At Anthropic this is called prompt caching and can reduce cost by up to 90% for the cached portion. At OpenAI, caching is automatic for contexts that start the same way.
Cost and Context Window
The context window doesn't just affect what the model can process — it also affects cost. Commercial models charge per input token (what you send) and output token (what they generate).
If your application sends 10,000 tokens of context per call and makes 1,000 calls per day, that's 10 million input tokens daily. At GPT-4o's ~$2.50 per million input tokens, that's $25 per day just in input tokens — $750 per month.
Optimizing context window usage isn't just a technical problem, it's a cost problem at scale.
When a Large Context Window Is Actually Useful
You don't always need the largest possible context window.
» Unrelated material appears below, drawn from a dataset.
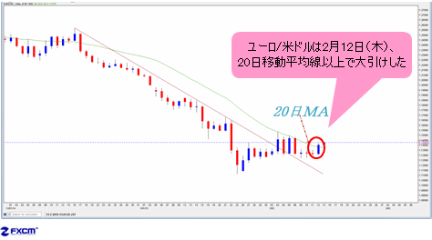 ところで、ユーロ/米ドルの方は、ギリシャに関する合意が先送りされる中、米経済指標が芳しくないこともあって、昨日(2月12日)、20日移動平均線以上で大引けとなった。

These are the cases where it genuinely makes a difference:
Full document analysis: analyzing an 80-page contract, auditing a complete code repository, reviewing a full financial report.
Very long conversations: multi-hour working sessions where accumulated context is extensive.
Few-shot with many examples: when you need to include 50-100 examples in the prompt so the model learns the correct pattern.
Multi-source synthesis: combining and synthesizing information from many documents in a single call.
For most chatbot and automation applications, 32,000-128,000 tokens is more than enough. The jump to Gemini's 1 million tokens only adds value for specific use cases.